Like the current Supreme Court challenge to Arizona SB 1070, the Plyler case arose from the passage of a state law meant to marginalize immigrant families in the name of deterring illegal immigration. In 1975, Texas lawmakers authorized local school districts to deny enrollment to foreign-born students not “legally admitted” to the United States. Two years later, a Texas school district implemented a policy instead requiring such students to pay a $1,000 tuition fee. The policy was immediately challenged by the Mexican American Legal Defense and Educational Fund (MALDEF) and, also like SB 1070, struck down by two lower federal courts.

On June 15, 1982, the Justices ruled that the school district’s policy violated the Constitution. Justice William Brennan, who authored the majority opinion, noted that the policy not only held children accountable for the actions of their parents but could prevent them from ever contributing to U.S. society. While the dissenting opinion believed the school district’s policy was constitutional, it conceded it was “senseless” because “the long-range costs of excluding any children from the public schools may well outweigh the costs of educating them.” (For more information about the decision, see this fact check released today.)

In the three decades since Plyler was decided, two states have passed laws as part of a naked effort to return the issue to the Supreme Court. The first was California, where Proposition 187, a voter-enacted ballot initiative passed in 1994, prohibited schools from enrolling undocumented students. (It was blocked by courts from ever taking effect.) The second was Alabama, which last year enacted a bill known as HB 56 that requires school districts to determine the citizenship or immigration status of all newly enrolling students and to report the findings to state authorities each year. (It has been temporarily blocked in federal court.)

Although Alabama’s law does not officially bar undocumented students from attending school, it has had a measurable chilling effect.
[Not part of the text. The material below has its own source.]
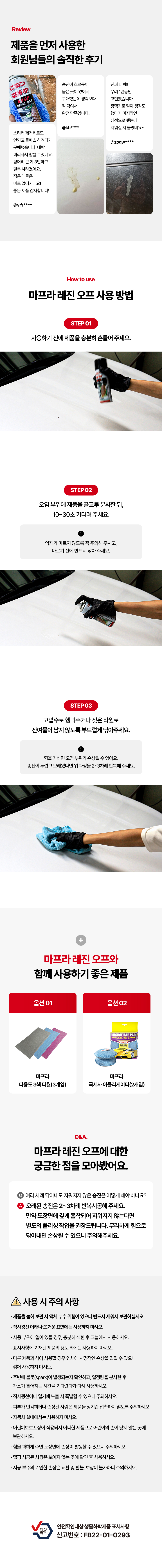 | 10. 안전기준 적합확인 신고번호(자가검사번호) 또는 안전확인대상 생활화학제품 승인번호 | FB22-01-0293 |
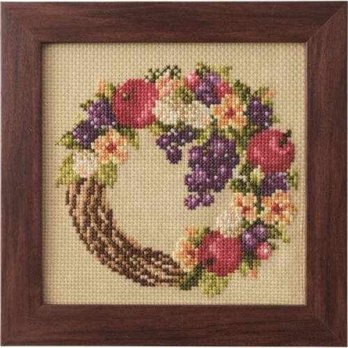 Cosmo Rose Wreath Seasonal Flower Arrangement Cross Stitch Kit. This cross stitch kit comes with everything you need to make the beautiful seasonal floral project. September: Rose Wreath. Kit Includes: COSMO Embroidery Floss (100 percent cotton), 1m each, COSMO Embroidery Cloth (100 percent cotton), Embroidery Needle, Rectangle Wooden Frame 7.5 inches x 6.25 inches, Instruction Manual with Design Chart. Frame Size: Approximately 7-1/2 inches tall x 6-1/4 inches wide. Difficulty Level: Intermediate. No. 592309. CHK-592309

As noted in a recent speech by Assistant Attorney General Thomas Perez, absences tripled among Latino schoolchildren after HB 56 went into effect, and more than 13% of Latino children withdrew altogether in the first six months of the school year—even though nearly 99% of Alabama students are U.S. citizens. The figures suggest that as part of a litigation strategy to return Plyler to the Court, the sponsors of HB 56 are willing to sacrifice the education of U.S. citizen schoolchildren.

By the end of this month, the Supreme Court is expected to issue a ruling in the challenge to SB 1070. While Arizona’s law does not contain any school-related provisions, a decision upholding the measure could embolden states to pass laws that violate the spirit—if not the letter—of Plyler. For supporters of immigrant rights, it is thus crucially important to understand and be ready to defend the importance of guaranteeing all students the right to receive a basic education, regardless of immigration status.